- Nio completed the offering of 136,800,000 class A ordinary shares at an issue price of HK$29.46 per share.
- Nio closed down 14.78 percent to HK$24.50 on the Hong Kong stock market today as the global trade war escalated.
Nio (NYSE: NIO) today announced the completion of an offering of 136,800,000 class A ordinary shares at an offering price of HK$29.46 per share, for a total offering of HK$4.03 billion ($520 million).
The placement shares have been sold in offshore transactions to non-US persons.

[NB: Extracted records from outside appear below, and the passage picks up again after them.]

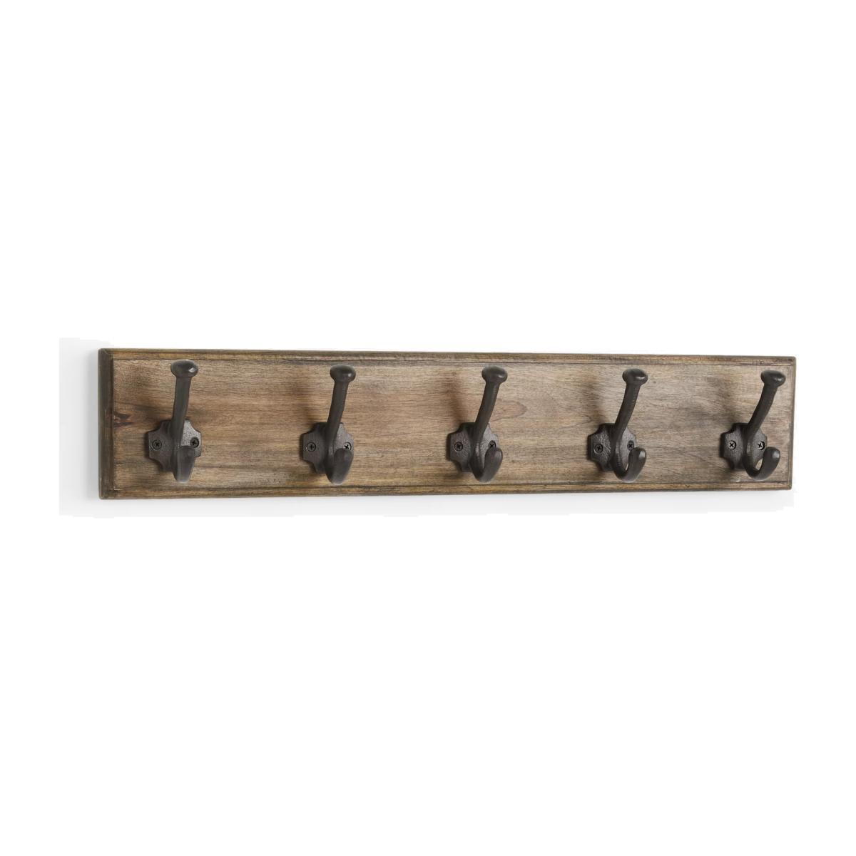 An attractive, hallway hanging rack with a rustic, hand-finished wood backing board and 5 cast aluminium hooks.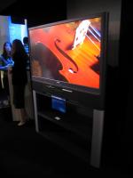 エプソンは北米のみならず国内でもリアプロを販売している数少ないメーカーだが、CESでは、液晶方式の57インチトゥルーHD(1920×1080プログレッシブ)の試作機を展示した。エプソンのブースで印象的だったのは、「DLPと液晶」の画質比較を徹底的に行っていたことだ。特にトゥルーHD(1080p)が現時点で商品化できているのは液晶方式とLCOS方式のみであることが謳われていた(DLPは試作レベルのみのため) 。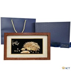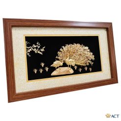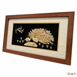 Ý nghĩa: Tranh đôi chim công hoa mẫu đơn dát vàng mang ý nghĩa về hạnh phúc, may mắn và thịnh vượng. Đôi chim công quấn quýt bên nhau tượng trưng cho tình cảm vợ chồng thủy chung son sắt. Bông mẫu đơn nở rộ cũng mang đến hạnh phúc và phú quý cho gia chủ.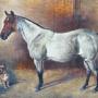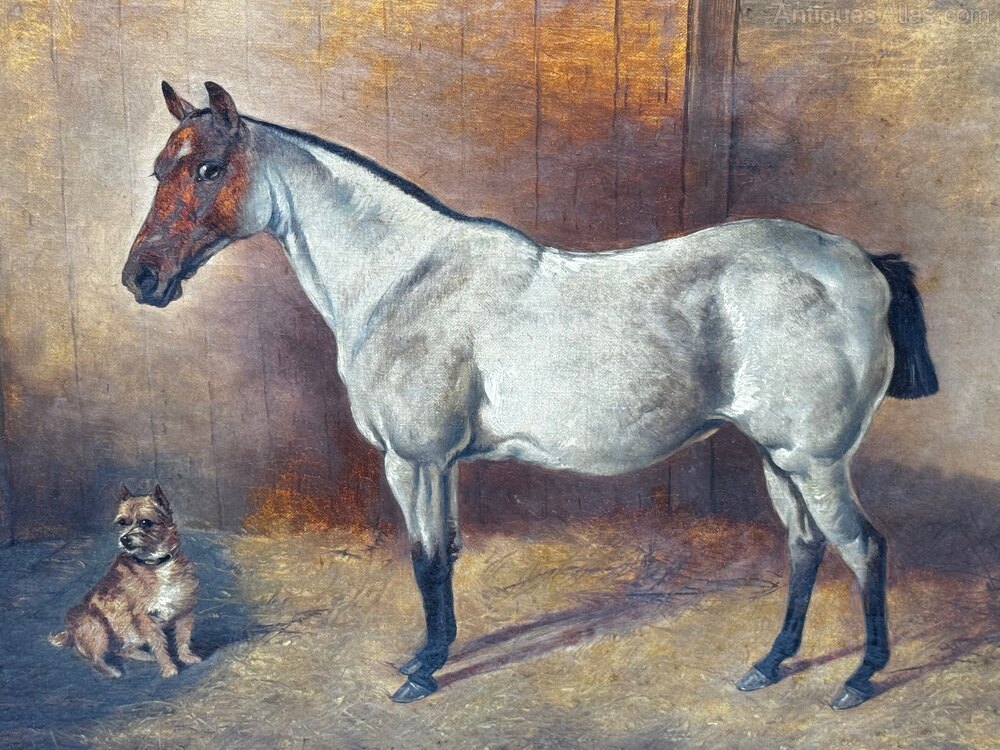 This refined Victorian equestrian interior presents a distinguished strawberry roan gentleman’s hunter standing in quiet composure within a timber stable, accompanied by an alert terrier seated attentively at its feet. The warm, atmospheric tones of the stable evoke a moment of calm either before the rigours of the hunt or in the peaceful aftermath of a ride. The horse’s strawberry roan coat—highly prized for its rarity and visual allure—is rendered with notable sensitivity, imbuing the composition with individuality and an elevated sense of sporting distinction. The inclusion of the terrier introduces an intimate note of companionship, symbolising the loyalty and traditions of the gentlemanly sporting milieu of the late 19th century.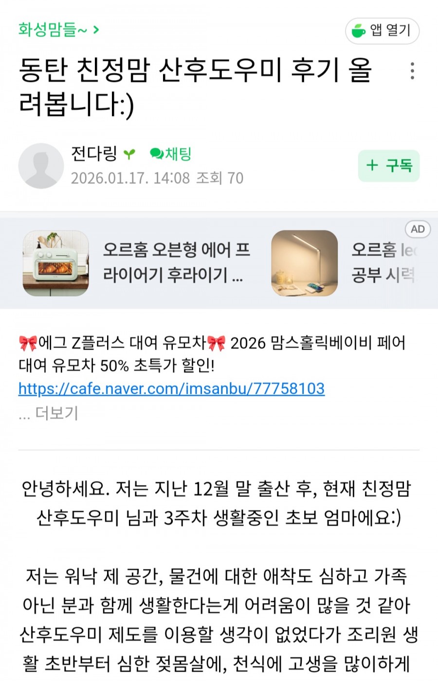 동탄산후도우미후기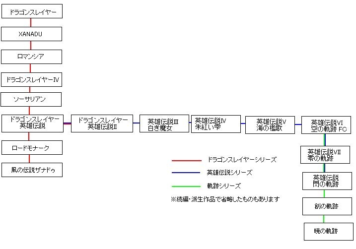 枝からさらに枝が伸びていくスタイルドラゴンスレイヤー→英雄伝説→軌跡
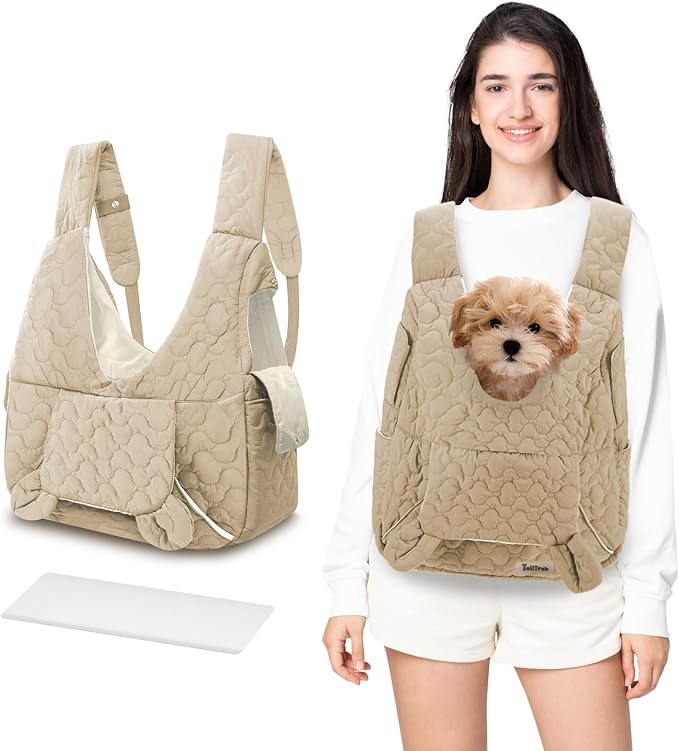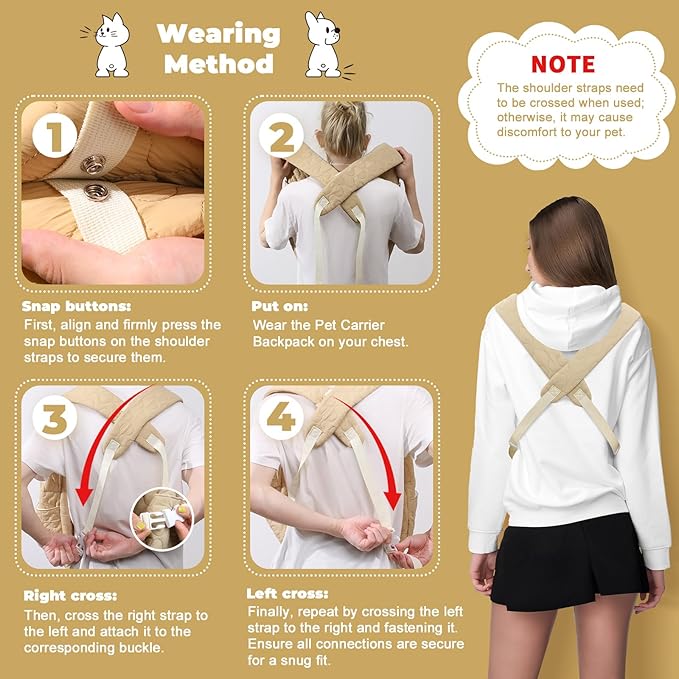 - 【Multiple Pocket Design】: Our Pet Carrier Backpack is equipped with multiple pockets, including two side pouches and front and rear zippered pockets, offering ample storage for essentials like snacks, waste bags, your wallet, phone, or keys. Everything you need is within easy reach. (𝐏𝐥𝐞𝐚𝐬𝐞 𝐧𝐨𝐭𝐞: If you find the straps too long, cross them when using to prevent slipping off your shoulders. For step-by-step instructions, please refer to Figure 4.)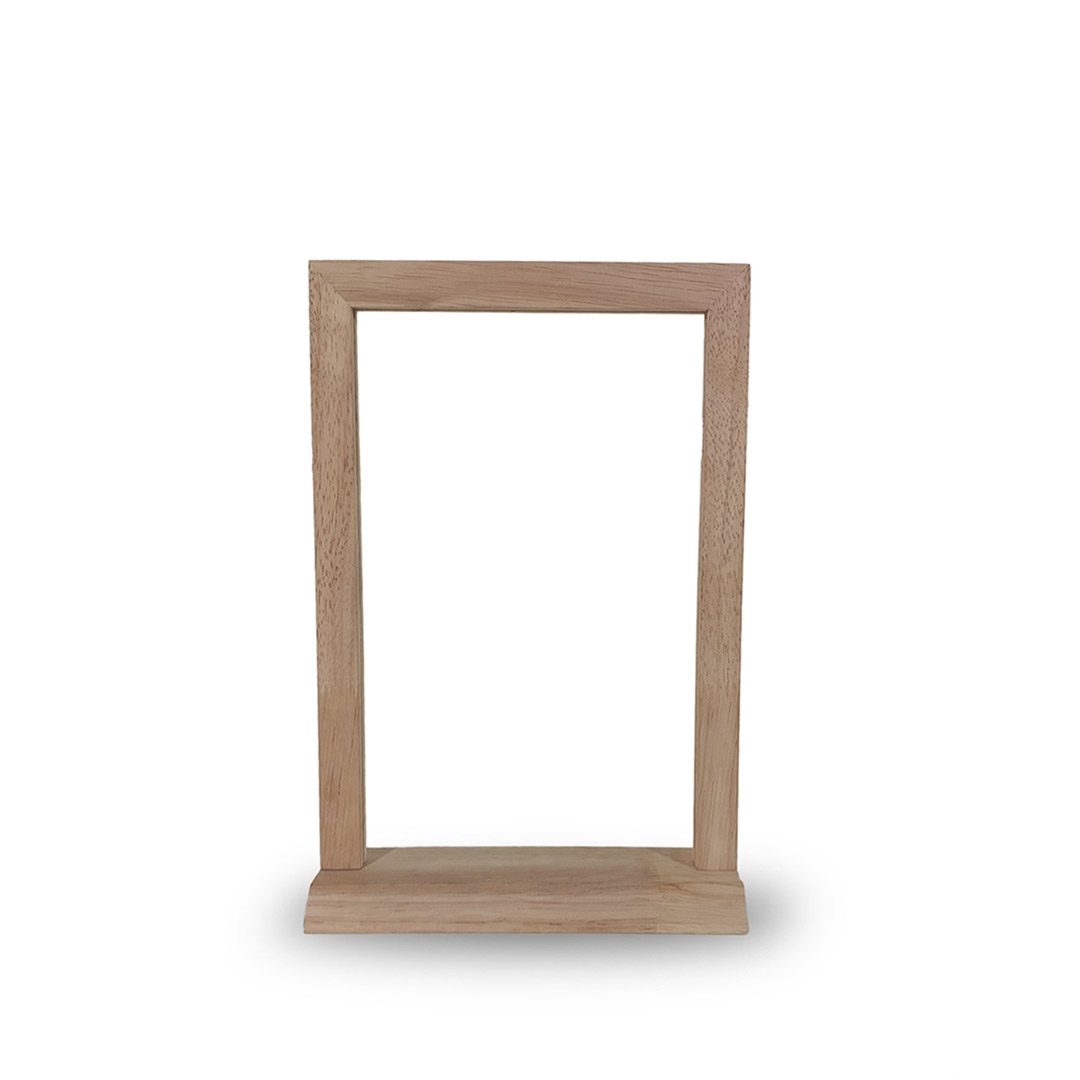 A framed tabletop menu display with a solid wooden base, designed for clear, upright presentation of menus and tabletop information.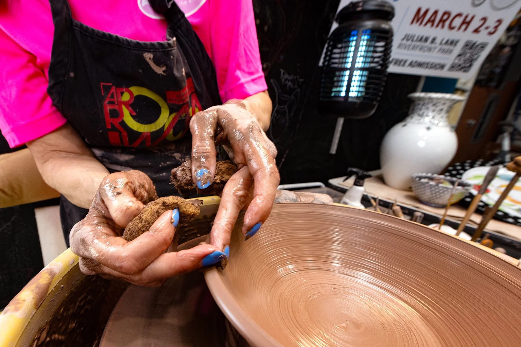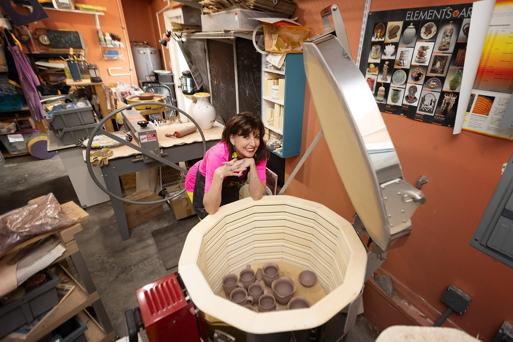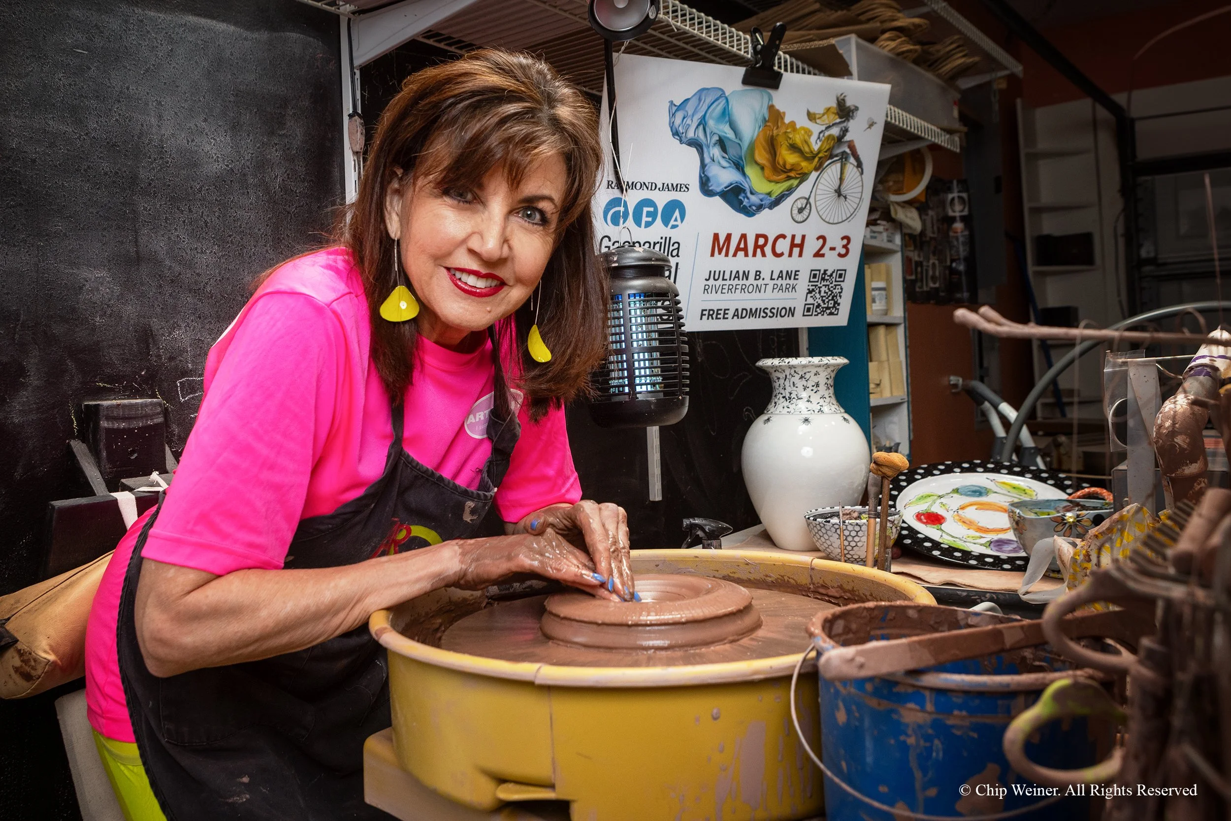 My thoughts for her portrait were about capturing the “Kimness” I grew to appreciate. Her mother was a local fashion illustrator for department stores, and Kim seems to have adopted her mother's sense of style and adapted her look. She always appears fashionable! So, I wanted to juxtapose her Vogue look with the grit and mud of turning pottery. It worked. On shoot day, her hair was coiffed, and her stylish yellow dangling earrings were a wonderful contrast to her bright fuscia shirt. Looking through her signature red-framed glasses, she got to work. Her sky-blue fingernails popped out of the gooey brown clay as she molded it into her next creation, and the resulting photos were stellar.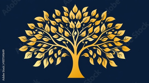 A majestic tree with golden leaves stands out against a dark blue background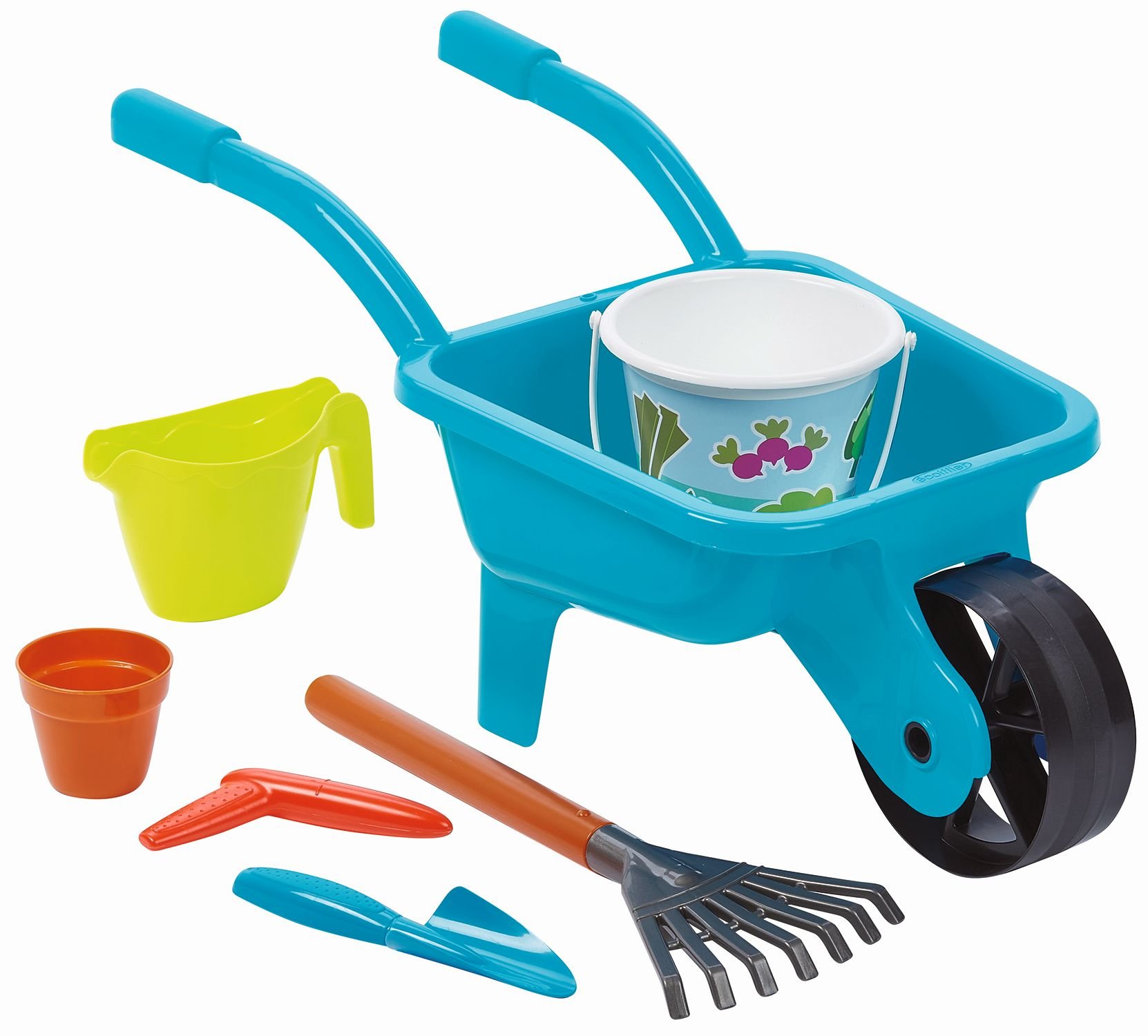 Zahradní kolečko s konvičkou, kyblíčkem a přísl.

Morgan Stanley, UBS, China International Capital Corporation and Deutsche Bank acted as the placing agents for the equity placement.
The electric vehicle (EV) maker announced on March 27 that it would issue up to 118,793,300 class A ordinary shares to non-US persons in offshore transactions outside the United States.
Hours later, Nio said in an updated announcement that it planned to issue an expanded 136,800,000 class A ordinary shares.
The issue price of those new shares was set at HK$29.46 per share, a 9.49 percent discount to its closing price of HK$32.55 in Hong Kong on March 27.
The enlarged offering amounted to HK$4.03 billion, according to the company's announcement at the time.
Nio was expecting to complete the placement around April 7, subject to customary closing conditions, the March 27 announcement said.
The company planned to use the net proceeds of the placing for research and development of EV technology and new products, to further strengthen its balance sheet and for general corporate purposes.
The share placement comes at a relatively fortunate point in time, albeit it had led to pressure on its share price.
US President Donald Trump announced new tariff measures last week, triggering a selloff in global markets, and EV shares traded in Hong Kong were hit hard.
Nio closed down 14.78 percent to HK$24.50 on the Hong Kong stock market today, one of its biggest one-day declines.
In US premarket trading on Monday, Nio ADS fell 4.62 percent to $3.30 at press time.